George Hincapie has reportedly become the latest of Lance Armstrong's former team mates to tell federal authorities in America that he saw the seven-time Tour winner take performance enhancing drugs.
If true, the allegations are the most damning yet for Armstrong and could provide the watershed moment in this ongoing saga.
Hincapie used his Twitter feed to deny having spoken to 60 Minutes (the CBS Network program that made the claims) but hasn't denied the testimony. He also Tweeted, "As I've said in the past, I continue to be disappointed that people are talking about the past in cycling instead of the future."
The allegations come just days after another former team mate, Tyler Hamilton admitted in an interview with 60 Minutes that he saw Armstrong take EPO . Hamilton has appeared in front of a Grand Jury in the same Food and Drug Administration (FDA) case being lead by Jeff Novitsky.
Armstrong and his Lawyer Mark Fabiani were quick to dismiss Hamilton, saying he is discredited and out to promote a forthcoming book, but they may find it more difficult in light of Hincapie's alleged confessions.
Hincapie was 'like a brother' according to Armstrong, and the BMC rider, who has now seemingly admitted doping during his career, has never been discredited by a positive test or subsequent lies.
Hincapie, a stalwart of the American pro cycling scene for over a decade, is currently riding the Tour of California where he is lying in 16th position.

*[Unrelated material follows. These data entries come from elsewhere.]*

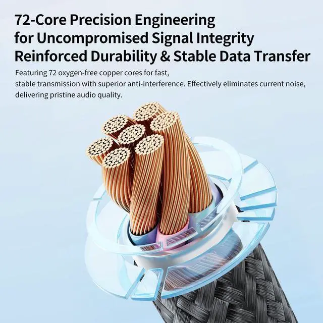 Featuring 72 oxygen-free copper cores for fast, stable transmission with superior anti-interference. Effectively eliminates current noise, delivering pristine audio quality.
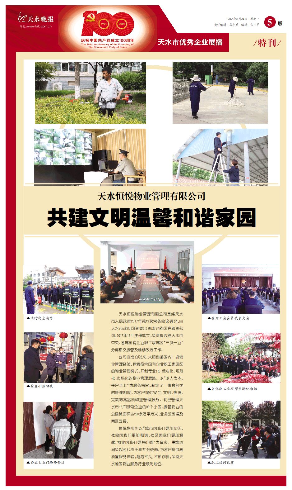 特刊|《庆祝中国共产党成立100周年,天水优秀企业展播》——天水恒悦物业管理有限公司
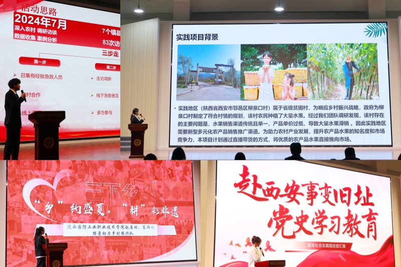 会上,26支实践团队以PPT、视频等多形式进行成果汇报,分享实践经验和心得体会。从前期的精心策划,到活动的顺利推进,再到深入的宣传报道,每一个环节都凝聚着团队成员的汗水与智慧,彰显着国防青年学子的责任与担当。
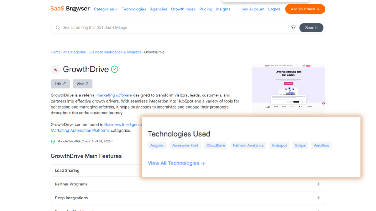With SaaS Browser, you can see positioning and audience fit on the SaaS profile itself. Each product listing includes:

The pair join an ever growing list of former team mates to admit to widespread doping on the US Postal and Discovery Channel teams run by Armstrong and Johan Bruyneel, but according to the New York Times the charges facing Armstrong could be far more serious.
They list fraud, corruption, drug trafficking and money laundering as possible charges against Armstrong whose defence looks weaker and weaker by the day.
Initially his only tactic was to discredit those who alleged any wrong doing or doping on his part. More recently he and those around him have suggested that the whole investigation is a waste of taxpayers money.
Another former US Postal team mate Jonathan Vaughters, the highly respected team boss of Garmin-Cervelo and head of the AIGCP, confirmed once again on his Twitter feed that he would tell the truth to any investigation, if questioned.
Lance Armstrong has always denied doping and cites the 500 doping tests that all returned negative results during his career. Samples of his urine from the 1999 Tour de Frane tested positive for EPO but the testing was part of a retroactive study done annonymously and with a prerequisite that sanctions would not be implemented.